The data from the AFL-CIO Executive Paywatch database draws from company proxy statements that are filed with the U.S. Securities and Exchange Commission and collected by [pay-gap.com](https://aflcio.org/paywatch/pay-gap.com). The database includes data for some 3,000 corporations, including most of those listed in the Russell 3000 Index. Industry classifications are based on North American Industry Classification System codes.

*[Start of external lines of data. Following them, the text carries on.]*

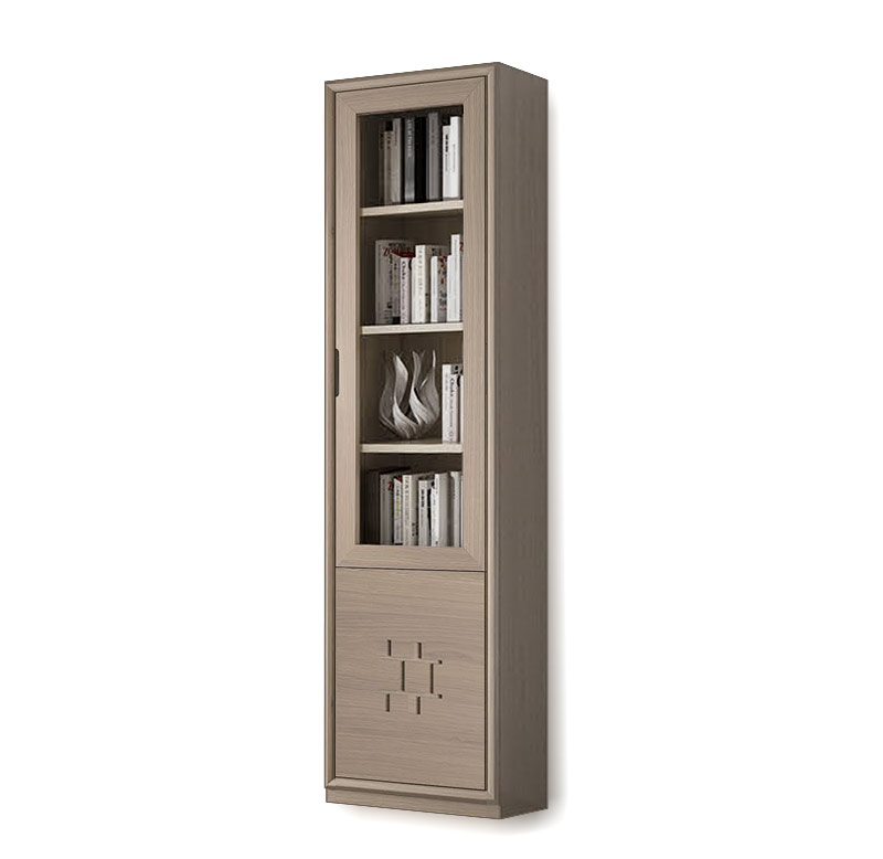 Hermosa librería en columna con puerta de vidrio en la parte superior y puerta de madera en la parte inferior.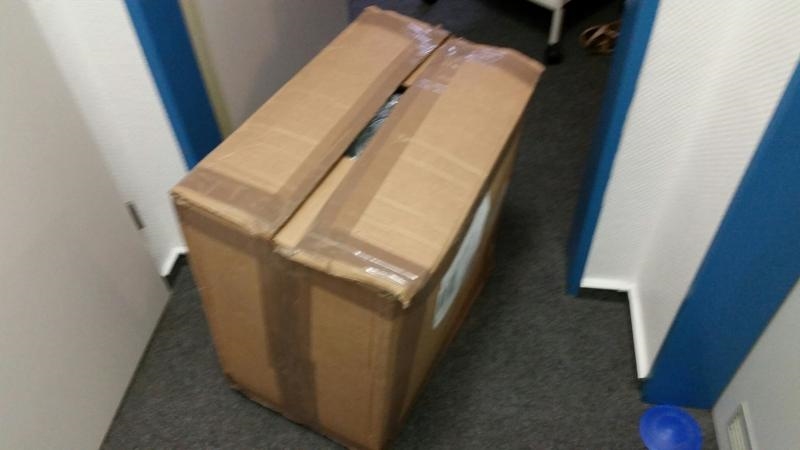 Fest steht: Da trägt DHL keine Schuld. Das ist ein eindeutiger Verpackungsfehler. Das merkt man schon, wenn man das völlig wabbelige Paket aus alter, schon weich gerwordener und zu dünner Pappe in die Hand nimmt und das schwere Mikroskop darin regelrecht "herumschwimmt". Und in der Tat immer schön aufs Lampenhaus gestellt wurde. Ich wusste schon vor dem Öffnen ziemlich genau, was mich erwartet. Auch am Tisch ist etwas verbogen und den Mechanismus der Tubusfixierung hat es auch erwischt, der Tubus bleibt nun wohl auf ewig untrennbar mit dem Stativ verbunden.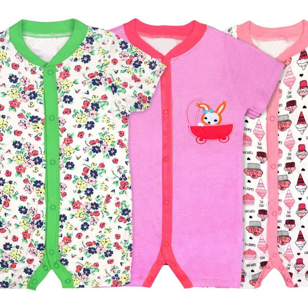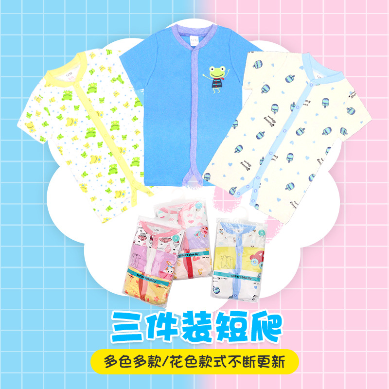 跨境批发3件装外贸欧美夏季婴儿短袖棉哈衣爬服男童女童短爬
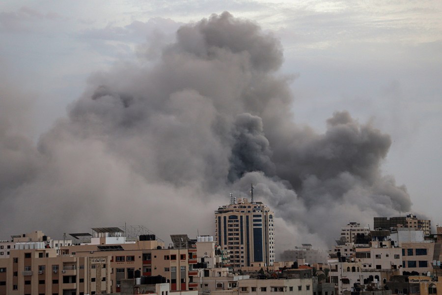 9 октября, Газа. Дым над сектором Газа после израильского авиаудара. /Фото: Синьхуа/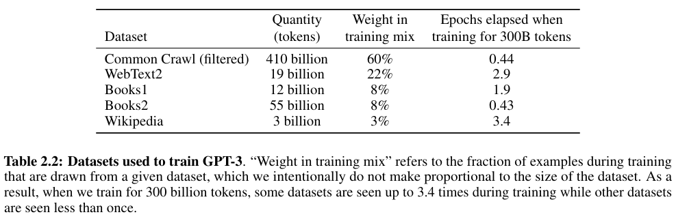 ■ Common Crawl과 Books2 데이터셋은 훈련 중에 한 번 미만으로 샘플링(0.44, 0.43)되지만, 다른 데이터셋들은 2~3번 샘플링(WebText2는 2.9, Books1은 1.9, Wikipedia는 3.4)되는 것을 확인할 수 있다.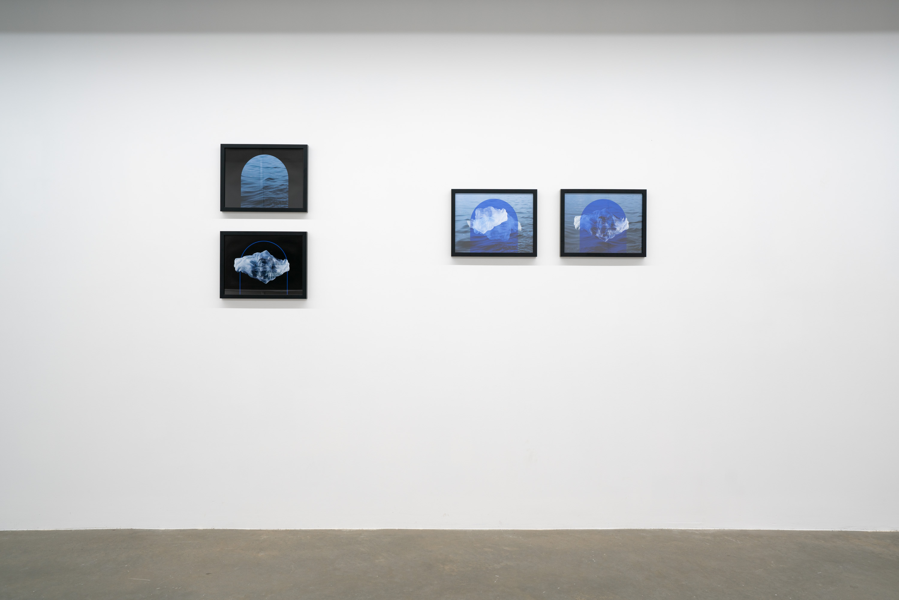 Leela Schauble, YInMn Ocean, Plastic Island #1-#4, 2021. Inkjet print on smooth pearl. 30cm x 40cm. Sediment. Installation View, Metro Arts, 2021.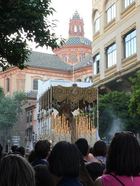 Immediately following the FeMAS concerts, the 24/7 pageantry of Semana Santa commences on the Saturday eight days prior to Easter. Dozens of ‘brotherhoods’ with hundreds (sometimes thousands) of members fill the streets as they process for up to 14 hours alongside their parish’s massive pasos (human-borne floats). Many of the pasos date back centuries. There is almost always an image of the grieving Virgin Mary, surrounded by myriad candles that are frequently replaced or re-lit so as to create a bright focus of piety.

#### CEO Compensation Summary Datasheet

[CEO Compensation Summary Datasheet](https://docs.google.com/document/d/1AJriZiqMarx8-r4WZwoXoCkFKLEDpq2jt0V6t5_tQLM/edit?usp=drive_link)

AFL-CIO. (n.d.). Highest-Paid CEOs. Retrieved 2022, from https://aflcio.org/paywatch/highest-paid-ceos

In [None]:
ceo = Table.read_table('data/ceo_compensation_summary.csv')

In [None]:
ceo.show(3)

### Company Information Dataset

The companies in this dataset come from the AFL-CIO Executive Paywatch database, which compiles data from company proxy statements filed with the U.S. Securities and Exchange Commission and collected by paygap.com. The dataset includes approximately 3,000 corporations, primarily those listed in the Russell 3000 Index, with industry classifications based on North American Industry Classification System (NAICS) codes. To supplement this dataset, additional company information including sector, industry, and market capitalization was collected using the Python yfinance library, which provides streamlined access to company data from Yahoo Finance.

#### Compnay Information Datasheet

[Compnay Information Datasheet](https://docs.google.com/document/d/1t_J1RKSpc8qXhozS8F1K82Ac-429zETQUJXT8PvRCm0/edit?usp=sharing)

Ran, A. (2019). yfinance: Yahoo! Finance market data downloader [Python library]. https://github.com/ranaroussi/yfinance

In [None]:
company = Table.read_table('data/company_information.csv')

In [None]:
company.show(3)

Display the column names from the both the `ceo` and the `company` `DtatFrame`.

In [None]:
print("Columns in the ceo dataframe")
print(ceo.labels)
print("\n")
print("Columns in the company dataframe")
print(company.labels)

We can join the `ceo` and `company` tables using the `ticker` column.

**Question 8.** Join the `ceo` and `company` tables on the `ticker` column. 

In [None]:
ceo_company = ...
ceo_company.show(3)

**Question 9.** What are the top three states with the highest number of companies represented in the dataset? 

In [None]:
...

**Question 10.** Create a table showing the top three states by number of companies. For each state, include the number of companies, the highest CEO stock award value, and the average stock award value.

| State | Number of Companies | Max Stock Award (in millions) | Mean Stock Award (in millions) |
|------:|--------------------:|------------------------------:|-------------------------------:|
| CA    | 527                 | 160.54                        | 5.13975                        |
| TX    | 59                  | 21.5122                       | 3.72992                        |
| NY    | 295                 | 184.999                       | 4.58902                        |

In [None]:
ca = ...
ny = ...
tx = ...

ca_mean  = ...
tx_mean  = ...
ny_mean  = ...

tbl = ...

tbl

## Submission

Make sure that all cells in your assignment have been executed to display all output, images, and graphs in the final document.

**Note:** Save the assignment before proceeding to download the file.

After downloading, locate the `.ipynb` file and upload **only** this file to Moodle. The assignment will be automatically submitted to Gradescope for grading.